-- YOUR TASK --
With the pictures left out, print exactly the lines below that run from the one containing "We consider the" through the one containing "러시아 축구대표팀 선수들이".

-- MATERIAL FOR THIS TASK --
________________
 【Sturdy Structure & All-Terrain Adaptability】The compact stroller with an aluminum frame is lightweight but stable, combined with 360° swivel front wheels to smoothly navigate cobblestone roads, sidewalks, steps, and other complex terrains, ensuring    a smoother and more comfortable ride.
________________
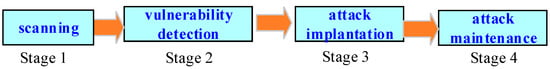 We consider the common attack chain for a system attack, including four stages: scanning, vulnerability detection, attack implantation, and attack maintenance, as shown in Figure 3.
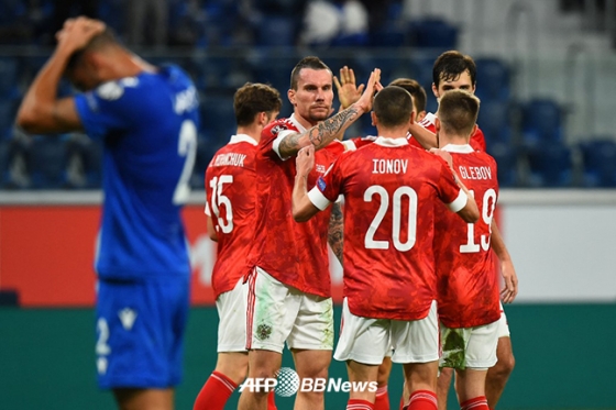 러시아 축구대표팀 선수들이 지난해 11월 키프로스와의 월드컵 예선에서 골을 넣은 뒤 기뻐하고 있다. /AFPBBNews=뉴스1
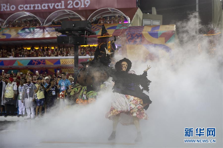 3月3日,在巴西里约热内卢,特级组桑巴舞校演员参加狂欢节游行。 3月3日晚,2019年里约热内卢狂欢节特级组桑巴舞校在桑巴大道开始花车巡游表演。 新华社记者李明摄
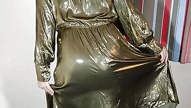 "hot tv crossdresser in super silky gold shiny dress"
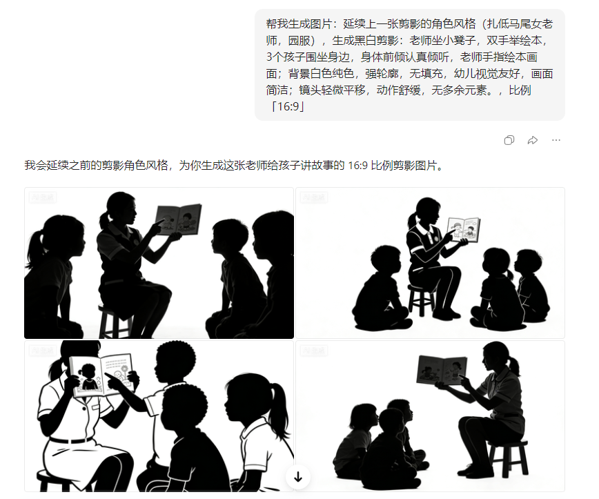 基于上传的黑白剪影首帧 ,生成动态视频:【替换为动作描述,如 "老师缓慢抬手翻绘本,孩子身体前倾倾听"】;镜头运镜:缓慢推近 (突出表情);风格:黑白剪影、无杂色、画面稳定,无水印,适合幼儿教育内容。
________________
-- YOUR RESPONSE --
 We consider the common attack chain for a system attack, including four stages: scanning, vulnerability detection, attack implantation, and attack maintenance, as shown in Figure 3.
 러시아 축구대표팀 선수들이 지난해 11월 키프로스와의 월드컵 예선에서 골을 넣은 뒤 기뻐하고 있다. /AFPBBNews=뉴스1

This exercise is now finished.